(Stored dataset items)
_____

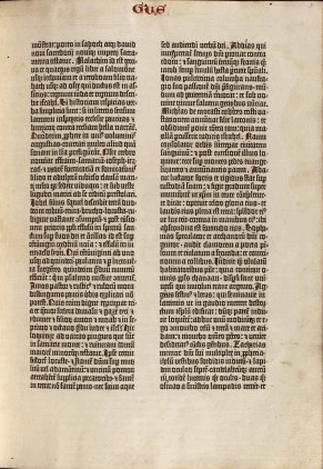 This page from the first edition of the Gutenberg bible, printed in 1454, shows the rigidity of the grid produced by moveable type, and the resultant use of hyphens to compensate for the consistant word spacing. There are over 30 hyphens on this page, including several strings of four or more in a row; this would never be acceptable in typesetting today. However, the ability to easily word-space (change the space between words within a single line) would require the invention of the Linotype in 1886.
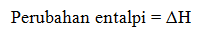 (Gp = kalor reaksi pada tekanan tetap). Jadi, perubahan entalpi adalah besarnya energi (kalor/panas) yang dibebaskan atau diperlukan dari suatu reaksi kimia.
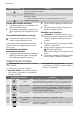 progress Problēmas Iespējamie iemesli Risinājums Displejs rāda F102. Durvju slēdzis ir bojāts. • Cieši aizveriet durvis. • Izslēdziet ierīci, izmantojot mājas elektrosistēmas drošinātāju vai drošinātāju kārbas aizsargslēdzi, un tad atkal ieslēdziet to. • Ja displejā atkārtoti parādās F102 kods, klientu apkalpošanas nodaļu. Laika displejs rāda kļūdas kodu, kas nav sarakstā. Notikusi kļūme elektronikā.
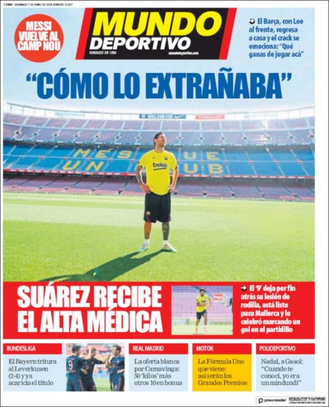 La sombra de Messi en el Camp Nou es alargada y se proyecta sobre la segunda noticia: “Suárez recibe el alta médica”.
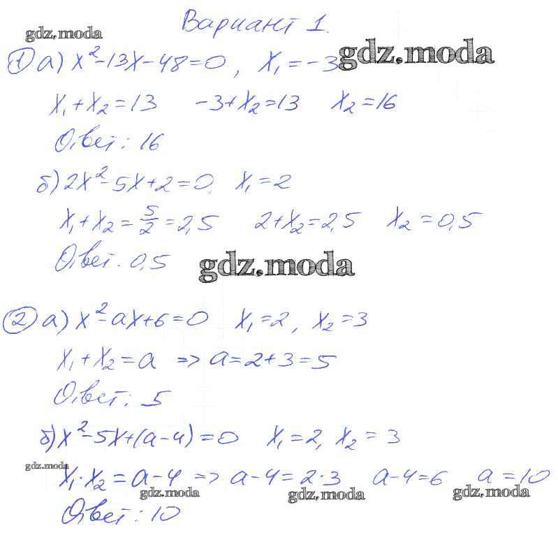 ГДЗ решение к заданию № Вариант 1 Алгебра 8 класс Дидактические материалы Евстафьева Л.П. Просвещение 2017 ФГОС бесплатно на гдз.мода!

_____

Task statement: Copy exactly the lines that run from the one containing "(Gp = kalor" to the last line of the records, both included, and leave out every picture.

Answer section:
 (Gp = kalor reaksi pada tekanan tetap). Jadi, perubahan entalpi adalah besarnya energi (kalor/panas) yang dibebaskan atau diperlukan dari suatu reaksi kimia.
 progress Problēmas Iespējamie iemesli Risinājums Displejs rāda F102. Durvju slēdzis ir bojāts. • Cieši aizveriet durvis. • Izslēdziet ierīci, izmantojot mājas elektrosistēmas drošinātāju vai drošinātāju kārbas aizsargslēdzi, un tad atkal ieslēdziet to. • Ja displejā atkārtoti parādās F102 kods, klientu apkalpošanas nodaļu. Laika displejs rāda kļūdas kodu, kas nav sarakstā. Notikusi kļūme elektronikā.
 La sombra de Messi en el Camp Nou es alargada y se proyecta sobre la segunda noticia: “Suárez recibe el alta médica”.
 ГДЗ решение к заданию № Вариант 1 Алгебра 8 класс Дидактические материалы Евстафьева Л.П. Просвещение 2017 ФГОС бесплатно на гдз.мода!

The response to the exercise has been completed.